Exposé print issues (1993-2011)
Abel Ganz — Abel Ganz
(Abel Records ARAG003CD, 2014, CD)
by Peter Thelen, Published 2014-08-24
Hard to believe it’s been over 25 years since this Scottish band’s debut The Dangers of Strangers, and while drummer Denis Smith is still behind the kit and contributing vocals, key founding members Hugh Carter and Huw Montgomery are only present on one song or another as guests, with Carter contributing lyrics to one tune, and most of the current core band members have joined during or after the band’s previous 2008 album Shooting Albatross. Most of the songwriting is group written, but one can bet that keyboardist Jack Webb had a major role in that department, as did vocalist / guitarist Mick Macfarlane and guitarist Davie Mitchell. Stephen Donnely plays bass throughout, and the newest member is keys player Stephen Lightbody – so new in fact, that he only plays on one track. Theirs is a majestic sound combining strong folk and Celtic elements with a solid foundation of progressive rock, hints of country, classical, and more.
After an opening symphonic instrumental “Delusions of Grandeur,” the band gets right down to business with the 23 minute 5-part opus “Obsolescence,” which was probably recorded in five parts and then stitched together, but that matters not, it is very effective as an opener and sets the tone for everything that follows. A couple pieces are sung partially or entirely in the Scottish Gaelic language; one of these is the beautiful and tranquil “Heartland” which features guest vocalist Joy Dunlop, the other being the down-home and warm “Thank You” which features Jerry Donahue (guitar) and Malcolm Jones (accordion) of the Scottish folk band Runrig.
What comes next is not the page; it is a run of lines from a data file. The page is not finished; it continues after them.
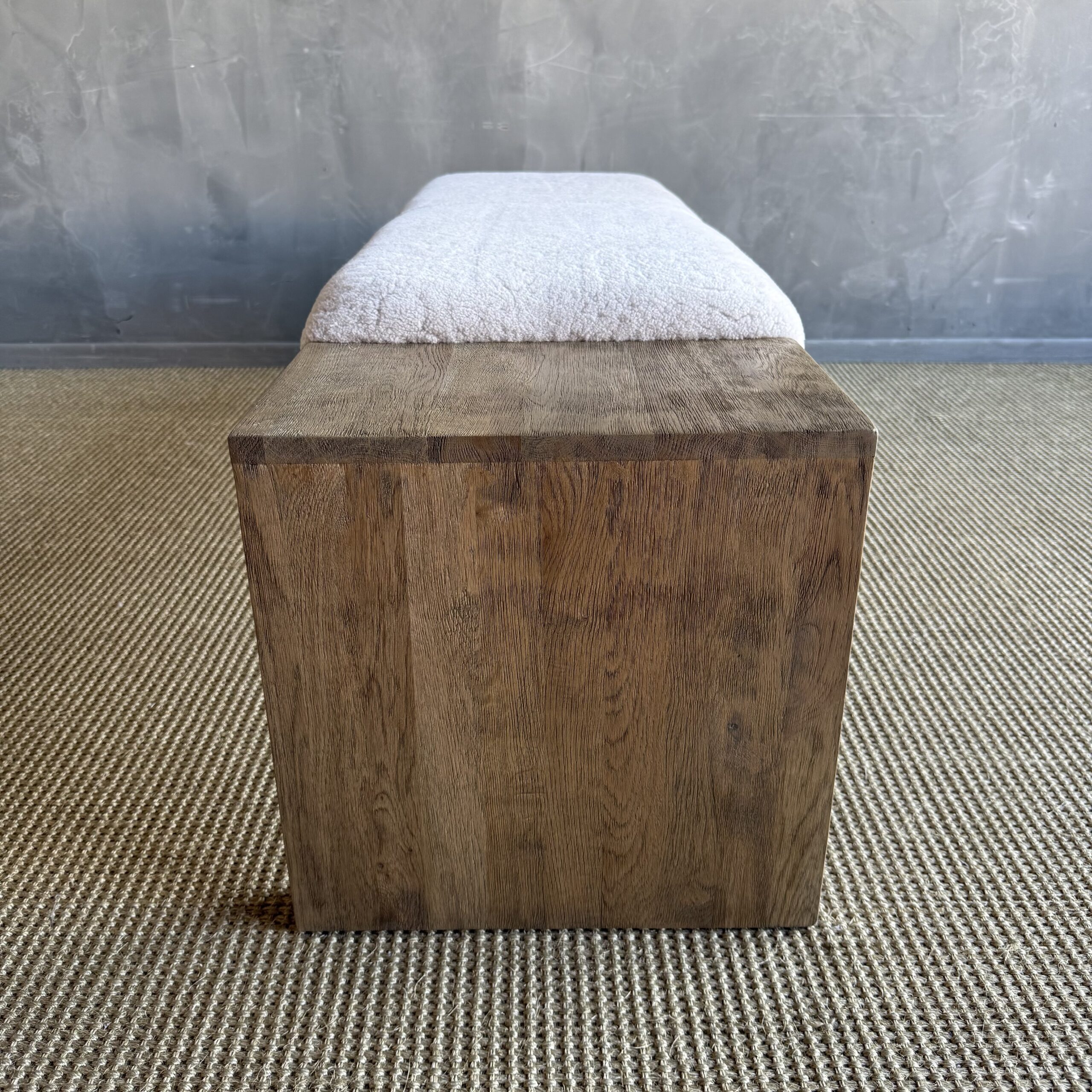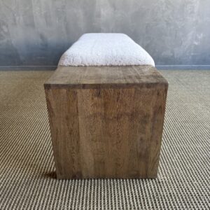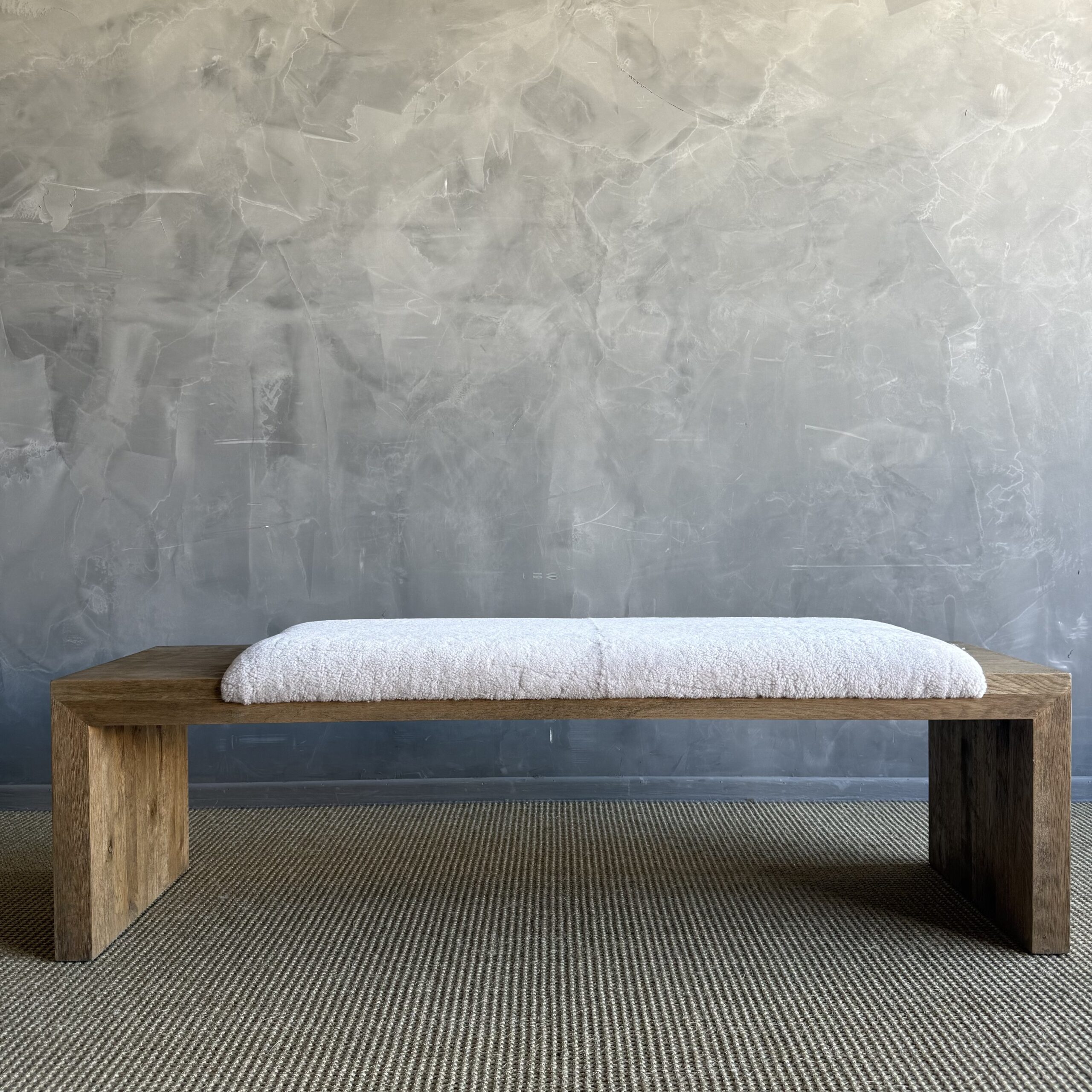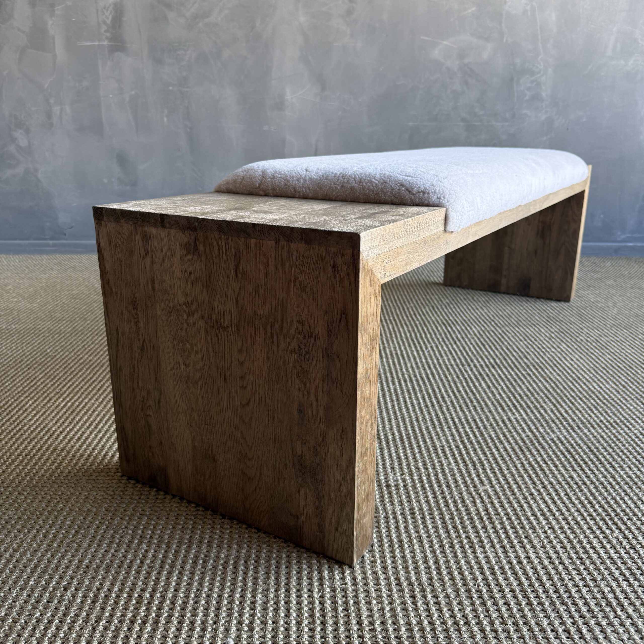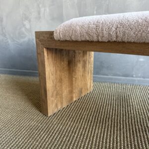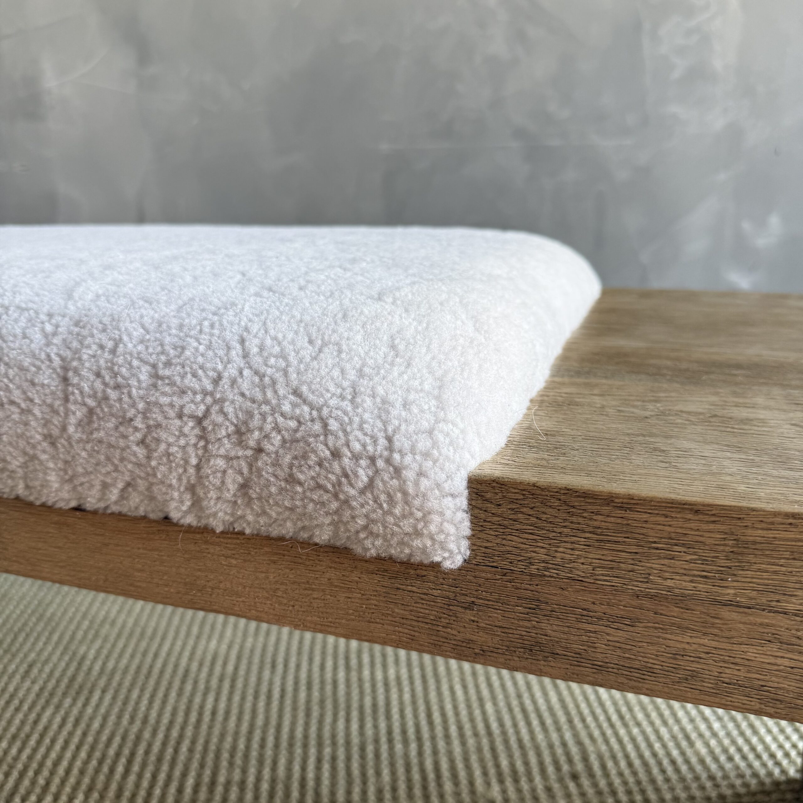 The Casi Sheep Bench is a refined blend of natural materials and sculptural design. Crafted from solid white oak with a soft, natural finish, each piece highlights the organic beauty of the wood grain. The seat features 100% genuine shearling upholstery, luxuriously soft to the touch and thoughtfully placed in an off-centered design for a modern, artful edge.
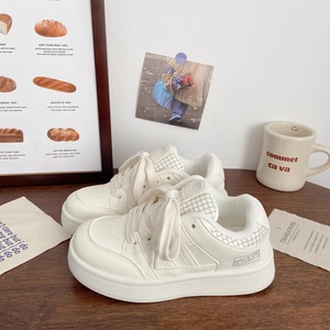 ドーパミンパン白靴女性の 2025 春の新作厚底カジュアルニッチ通気性多用途学生靴
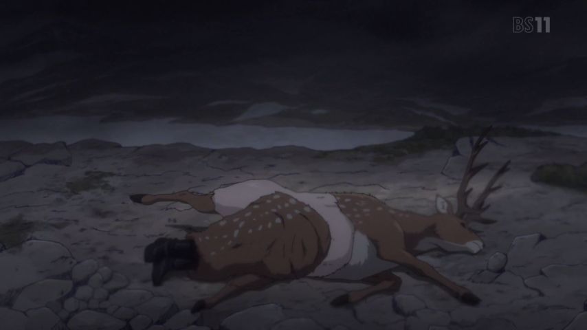 「ゴールデンカムイ」17話。薩摩弁はさっぱり分からん。字幕があって助かった。漫画のキャラってなかなか死なないことが多いけど銃弾一発で死んじゃうこともあるんだね。鹿の腹の中で強風をやり過ごすってやってみたいような必要ないような。
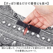 ・頭から被って、フロントのボタンを留めるだけ。旅先での着替えもスマート。
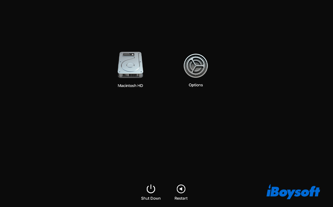 - Appuyez sur le bouton d'alimentation pour allumer le Mac et maintenez immédiatement la touche Option enfoncée jusqu'à ce que vous voyiez les volumes de démarrage.
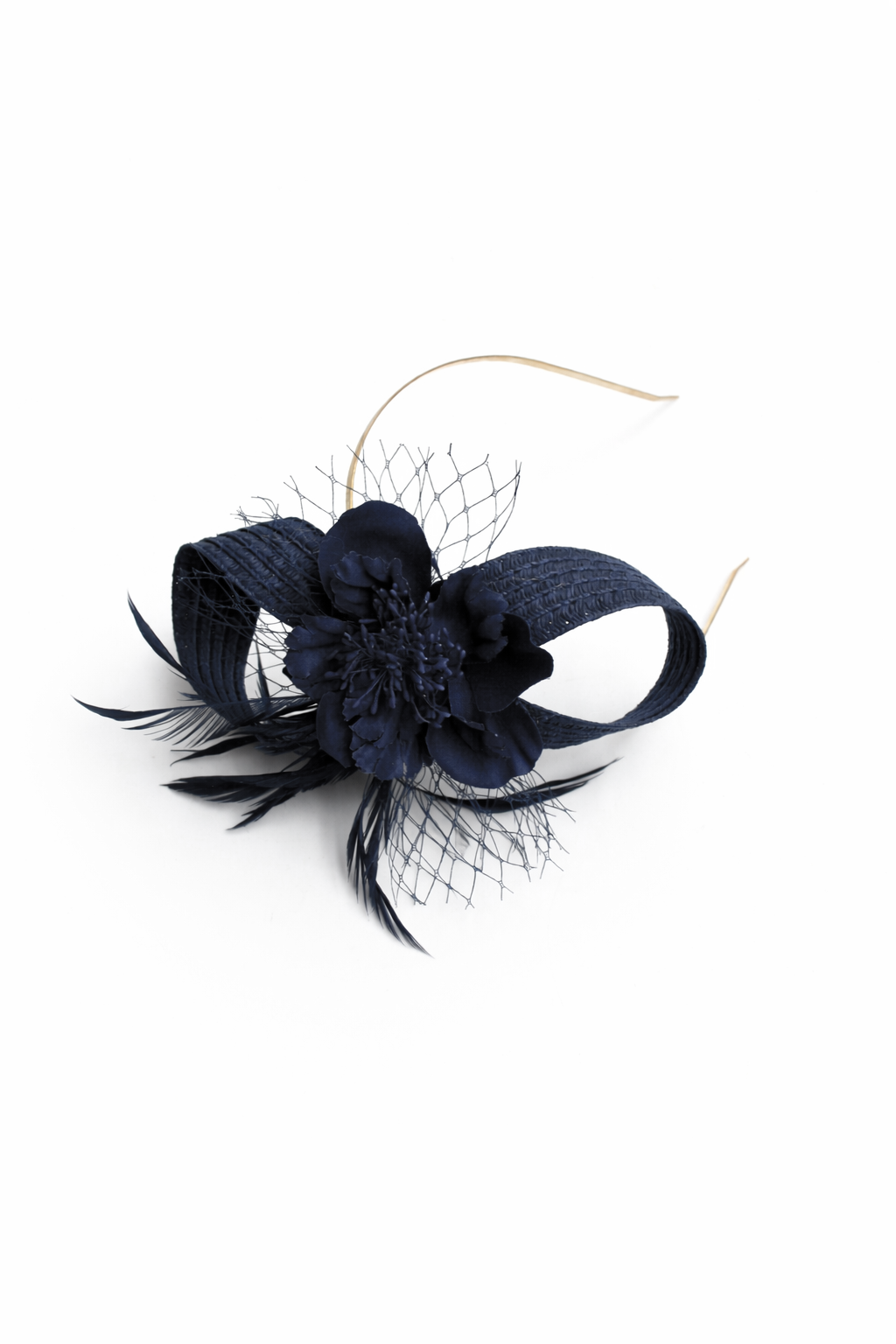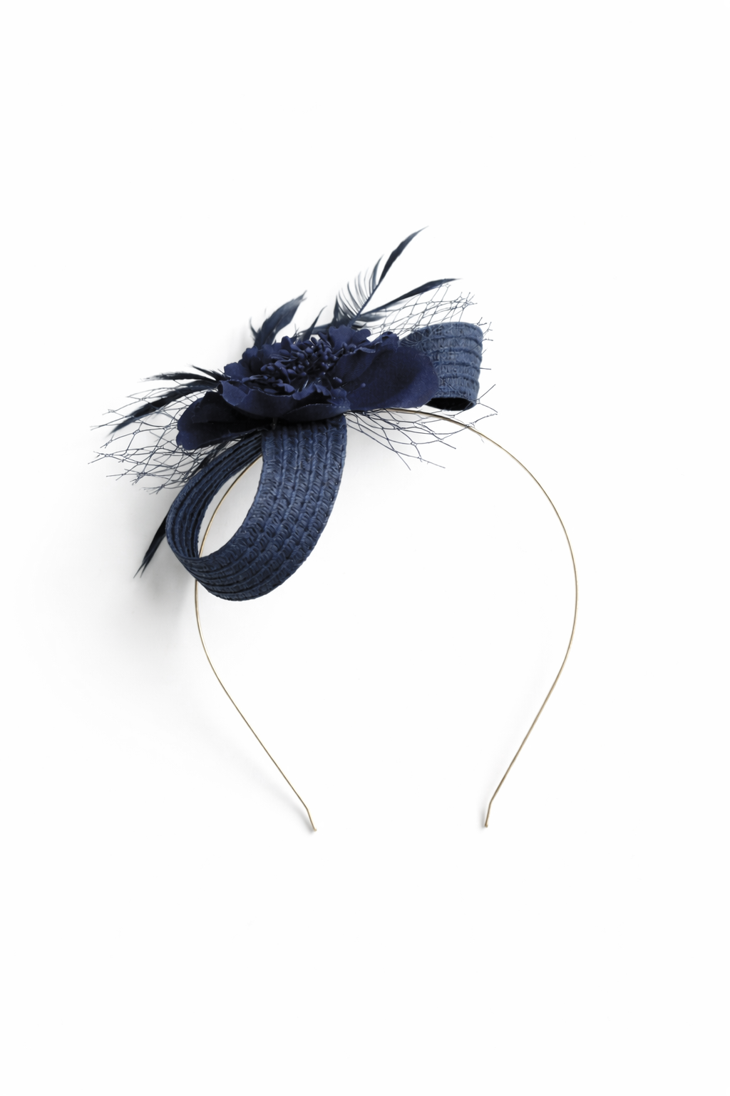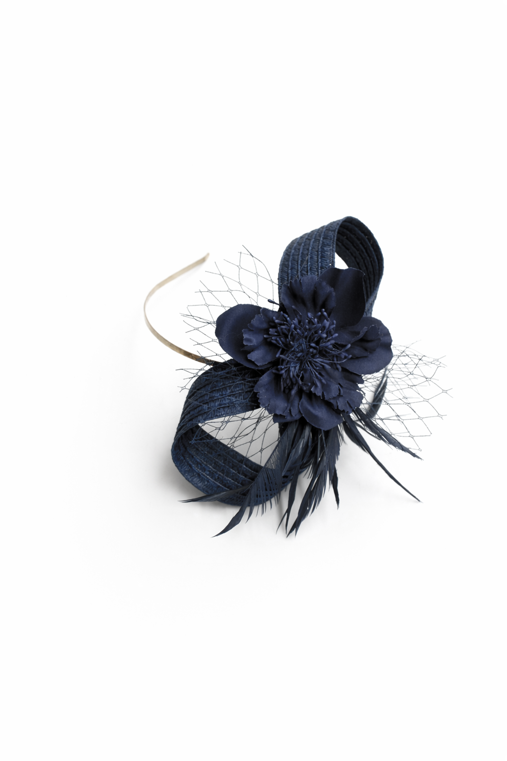REF: 51072 – Elegante tocado en tono azul marino compuesto por base de diadema metálica fina y diseño estructurado con lazadas de rafia, flor central en relieve, delicada rejilla y plumas decorativas. Una pieza sofisticada y muy favorecedora, perfecta para bodas, comuniones, bautizos y eventos especiales.
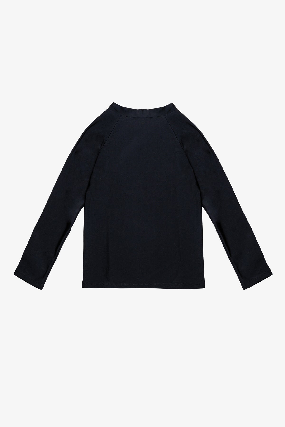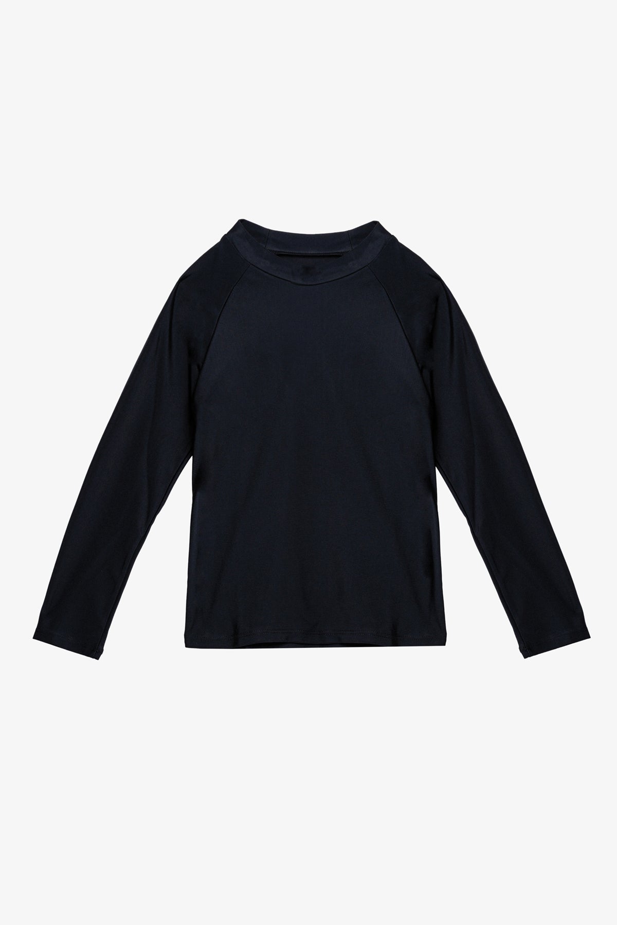 חולצת לייקרה בגד ים בצבע שחור עם שרוולים ארוכים ומפתח צוואר עגול
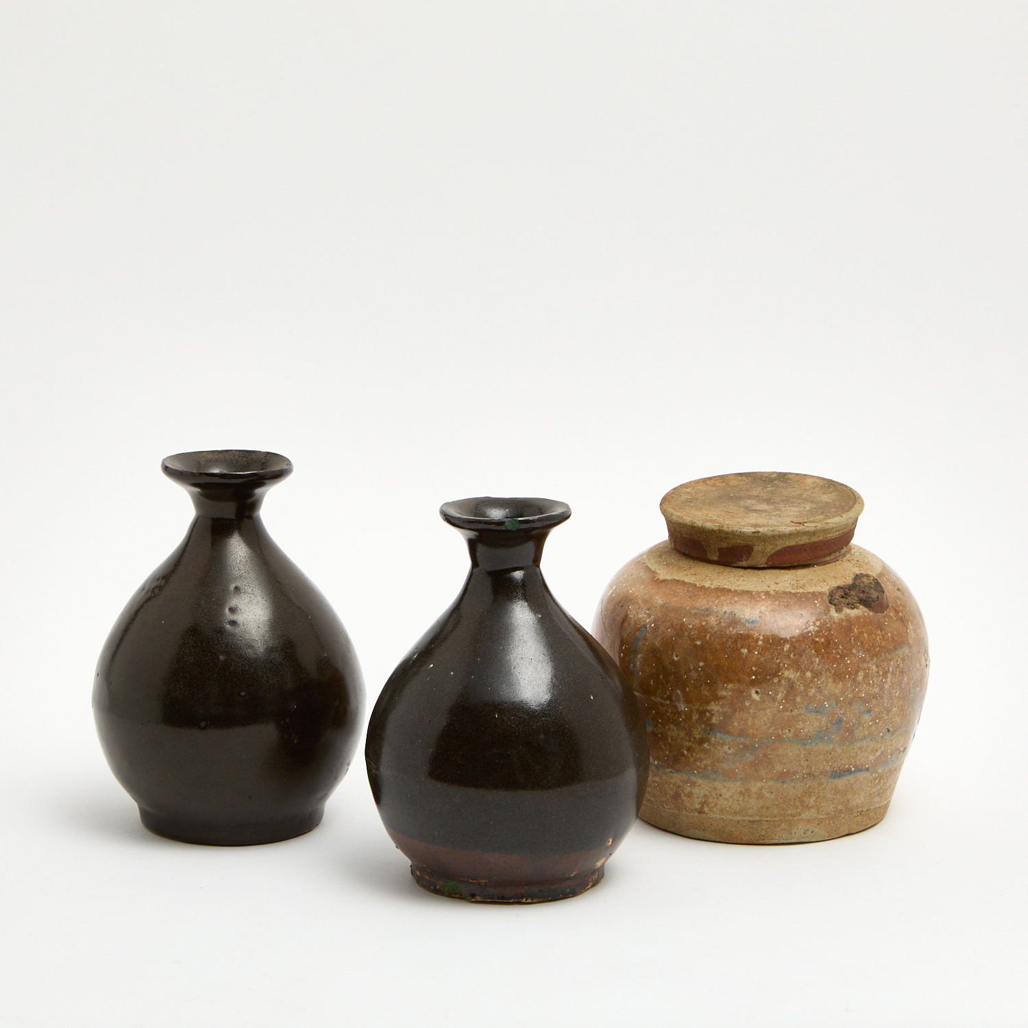 TWO NINETEENTH CENTURY CHINESE GOLDFIELDS WHISKY BOTTLES AND LIDDED GINGER JAR H.18CM
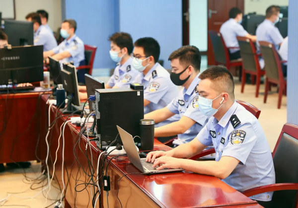 在疫情防控流调作战中心,民警们各司其职、紧而有序细致开展流调溯源。南报融媒体记者 冯芃 摄

A couple Macfarlane penned acoustic guitar pieces “Spring” and “A Portion of Noodles” punctuate the program nicely, the latter with an unforgettable melody that will get stuck in your head for days. There are numerous guests playing everything from additional 12-string, resonator guitar, congas, recorders, oboe, flute, cornet, tenor horn, euphonium, trombone, trumpet, low whistle, saxophones, and much more, all track depending. Of special note is pedal steel player Iain Sloan, who makes several appearances throughout the album, and brightens up every passage he touches. Of all the Abel Ganz releases to date, this latest is by far their most impressive.